Evaluating Citibike as a Commuting Option
Or, how to take advantage of cron jobs and run code automatically.
Here are some facts about me:
- I’m subletting in Brooklyn for the summer
- I work all day in the Flatiron District
- I love biking
- Riding the subway irritates me
Ergo, I might be a good candidate for the Citibike bike share program. However, I didn’t want to commit until I had proof that a bike would be available to me at the specific times I would need one.
So, I wrote a simple python script on my remote server to read Citibike’s system feed data to understand the bike availability at specified stations. It stores selected data into a dictionary (station name, available bikes, available docks, current time), then writes the selected data into a csv file called “citibikedata.csv”.
The key here is to work in conjunction with crontabs, which will run my code in the background at specified times. Find that code below the python script.

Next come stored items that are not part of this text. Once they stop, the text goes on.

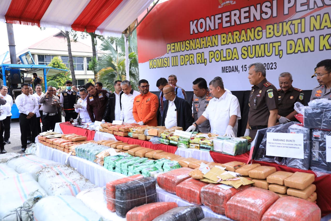 Pemusnahan barang bukti narkoba dipimpin Kapolda Sumut Irjen Pol RZ Panca Putra Simanjuntak, Kamis (15/6/2023) dihadiri Komisi III DPR RI dan Kajatisu Idianto SH.MH.
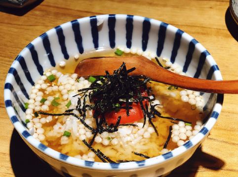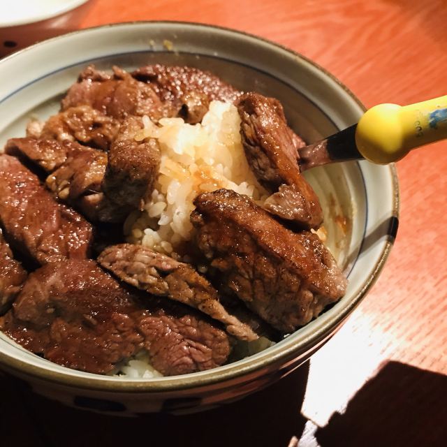 Maki House过年时候出不了上海,小年夜在和平饭店住了一晚,晚饭到宏伊广场觅食,maki house小年夜是最后一天运营,大年夜开始他们也放假休息了。 最后一天生意还是很好,基本上上座率100%。我们正好等到了角落的位置,选了他们家的几个招牌菜。 「牛排饭」果然是他们的招牌菜,一大碗牛排盖饭,牛排很嫩,汁水很多。 「鰤鱼饭」满足了想吃刺身的念想,鱼肉伴着酱汁,唐心蛋伴着吃特别下饭。 「草鞋饼」看着的确是够油,不过味道是真的香,搭配着洋葱的牛肉饼,配上酸酸甜甜的番茄酱,吃2口差不多就饱了。 「荞麦面」热的荞麦面吃着特别舒服,小朋友吃面🍜一口接一口。 [薄荷]环境:店面不算特别大,不过秩序井然,整体比较昏暗,蛮适合喜欢情调的人去。 总的来说性价比很高,怪不得常年上榜热门餐厅。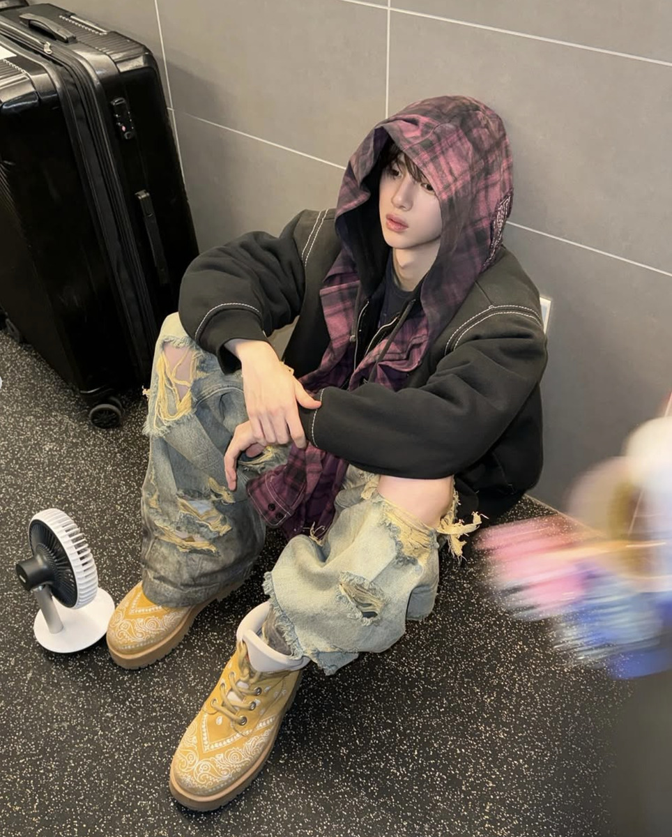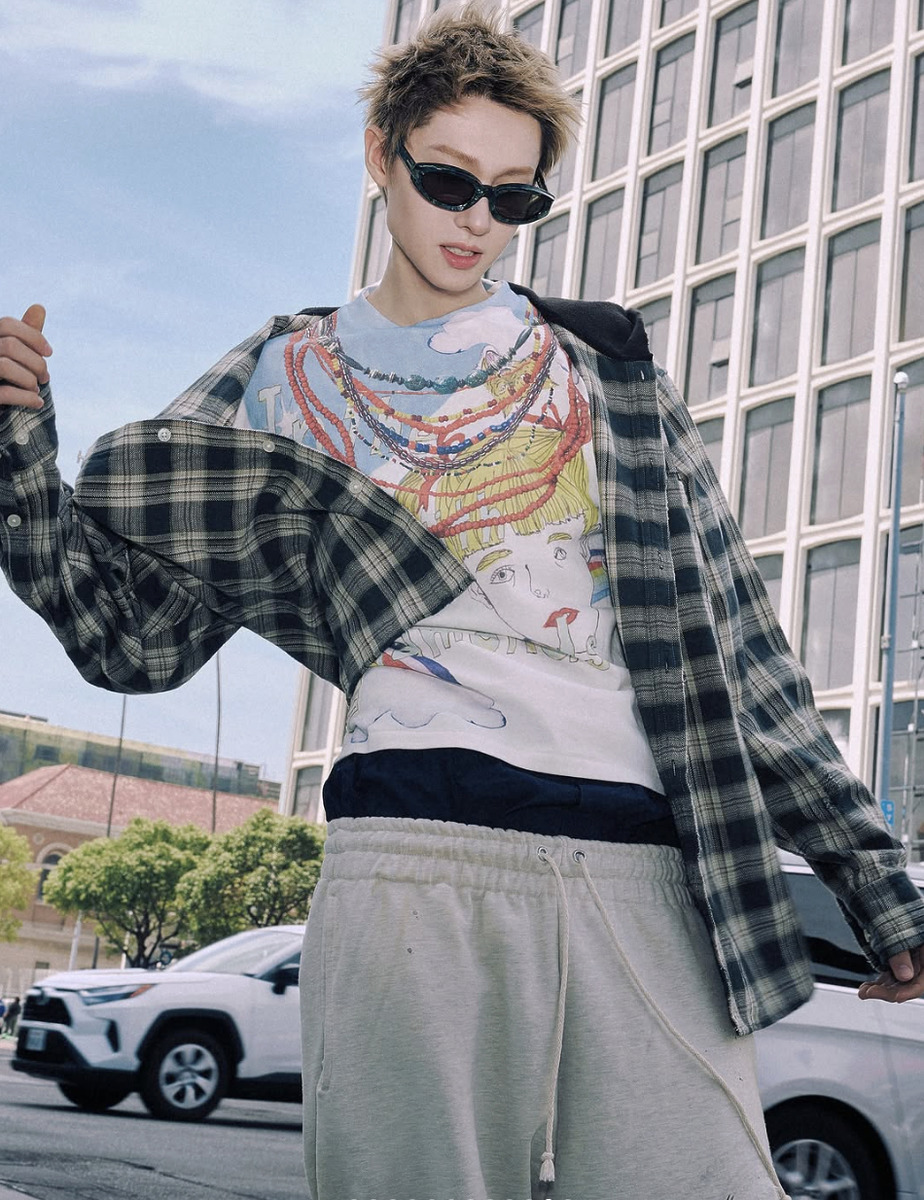긴팔 위에 반팔을 겹쳐 입는 Y2K 레이어드 트렌드가 돌아왔어요. 일명 ‘쭉티’라 불리던 무지 티 위에 빈티지 반팔을 겹쳐 입는 거죠. 특히 화려한 프린트가 돋보이는 밴드 투어 티셔츠에서 코르티스 멤버들이 얼마나 빈티지를 사랑하는지 느낄 수 있죠.

Make it your own: Modify the my_stations
variable to include any stations you are interested in tracking. Find station names here.
citibikefeed.py
import urllib, json
import pandas as pd
from datetime import datetime
import os.path
url = "https://www.citibikenyc.com/stations/json"
response = urllib.urlopen(url)
data = json.loads(response.read())
my_stations = ["Fulton St & Washington Ave","Fulton St & Grand Ave",
"Fulton St & Clermont Ave","Lefferts Pl & Franklin Ave"]
d={'name':[],'docks':[],'bikes':[],'time':[]}
for station in data["stationBeanList"]:
if station["stationName"] in my_stations:
d['name'].append(str(station["stationName"]))
d['docks'].append(int(station['availableDocks']))
d['bikes'].append(int(station['availableBikes']))
d['time'].append(datetime.strptime(str(data["executionTime"]),"%Y-%m-%d\
%I:%M:%S %p"))
df = pd.DataFrame(d)
f = "citibikedata.csv"
if os.path.isfile(f)==True:
df.to_csv(f,mode="a",header=False)
else:
df.to_csv(f,mode="w",header=True)
Now, this feed grabs data at the current time. But I would need the bike sometime around 8am, every weekday. Let’s set up a cronjob to run this script between 7am and 9am.
On my remote server (where my citibikefeed.py file lives), I opened my crontab on the command line:
$ crontab -e
And added:
*/3 7,8 * * 1-5 python citibikefeed.py
This means: run my file every 3 minutes, from 7am to 8:59am, from Mon to Fri.
After one day of running, I plotted my feed in iPython Notebook with seaborn:
citibikegraph.ipynb
import pandas as pd
%matplotlib inline
import seaborn as sns
df = pd.read_csv("citibikefeed.csv")
g = sns.factorplot(x="time", y="bikes", hue="name", data=df,aspect = 2,size=6)
g.set_xticklabels(rotation=90)
g.set(title="Available bikes at selected stations")
Great! Bikes galore.
Next steps: This script can easily be expanded to include dock availability at destination station, as well as available docks at your neighborhood station for the return journey.